29 July 1862: “Don’t hoard up and hold back things in the eating line.”

Item description: Newspaper editorial, “Speculating,” from the 29 July 1862 issue of the Wilmington (N.C.) Daily Journal.

Item citation: “Speculating,” The Daily Journal (Wilmington, N.C.), 29 July 1862.  North Carolina Collection call number: C071 Z.  Wilson Library, University of North Carolina at Chapel Hill.

Item transcription:

Speculating. — Next to the war, the most fertile topic of conversation is speculation and extortion. The fact is that the price of every necessary of life appeals so feelingly to the people that none can help taking notice of it. The price of meat, flour, corn, and all other things is startling in the extreme.

We know that is fashionable to attribute all the ills under which we labor to the operations of speculators and monopolists, but we think it only fair to say that the disposition to speculate and monopolize is not confined to the professional trader, but is found to exist pretty strongly with the farmers and others, who hold back for fabulous prices with just as much determination to have them as the most odious “speculator” could display. Is it not, unfortunately so, that millers and others seeking corn or wheat are unable to get it even to carry on their operations for the local supply, while it is known that there is an abundance of it if it was not kept back? Farmers don’t know what to ask. They don’t like to sell, thinking that by holding on they will get still higher rates, although those ruling now are high enough in all conscience — too high to permit people of limited means to get along at all.

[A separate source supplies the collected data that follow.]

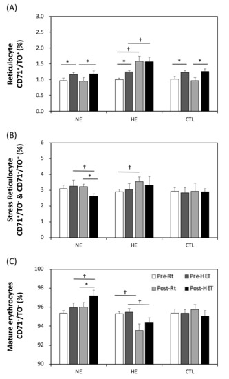 Measurement of erythrocyte composition: (A) the percentage of reticulocytes, (B) the percentage of stress reticulocytes, and (C) the percentage of mature erythrocytes. NE, normoxia training group; HE, hypoxia training group; CTL, control group; Pre, pretraining; Post, post-training; Rt, at rest; HET, immediately after HET; * p < 0.05, Rt vs. HET; † p < 0.05, pre vs. post. Values are the mean ± SEM.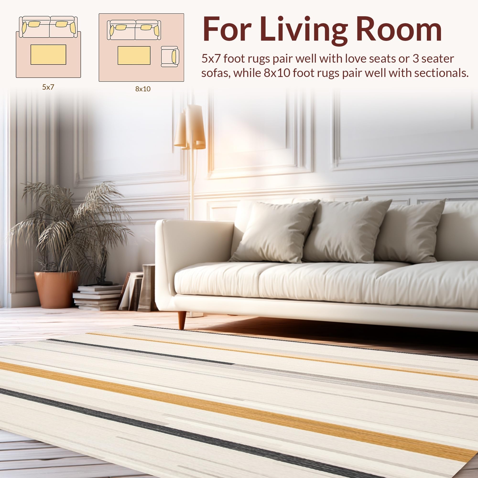 Ultra Soft Area Rug, Non Slip, Stain Resistant, Washable Area Rugs for Living Room, Bedroom, Long Runner Berber Stripes Heritage Trails Collection Beige(Beige) Overview: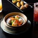 We visit on a Sunday evening, and it’s packed. It’s the debut of the new dim sum Sunday menu. It’s £48 for six courses, with a cocktail to start and a pot of herbal tea to finish. If that sounds like a lot, it will feel like a bargain by the end. Especially when compared to the wine list (most expensive bottle: £2, 199).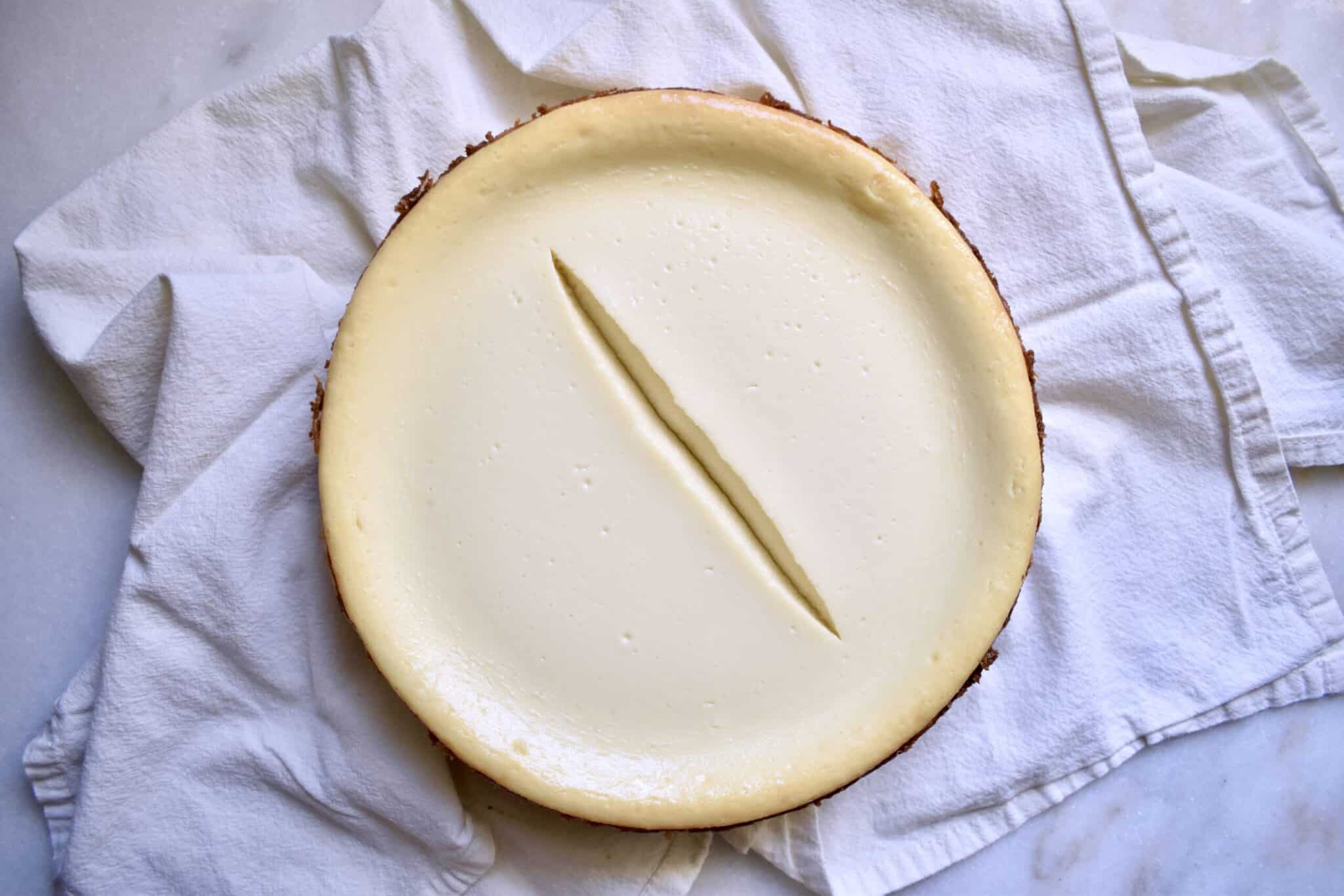 Cheesecakes are notorious for cracking on top, which usually happens during the cooling process. There are a few things you can do to help prevent it!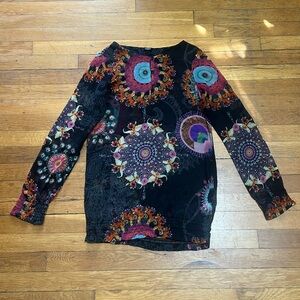 Desigual Long Sleeve Slim Tulle Abstract Blouse, size XS

The very demon of high prices seems to have got in to everybody, and the only fear with any one having anything to sell is lest he should fail to ask high enough.

Let things get out freely into market. Don’t hoard up and hold back things in the eating line. And finally let us all remove the beam out of our own eyes before we fall foul of the mote in our neighbor’s eye.

This entry was posted in North Carolina Collection and tagged , , . Bookmark the permalink.

Comments are closed.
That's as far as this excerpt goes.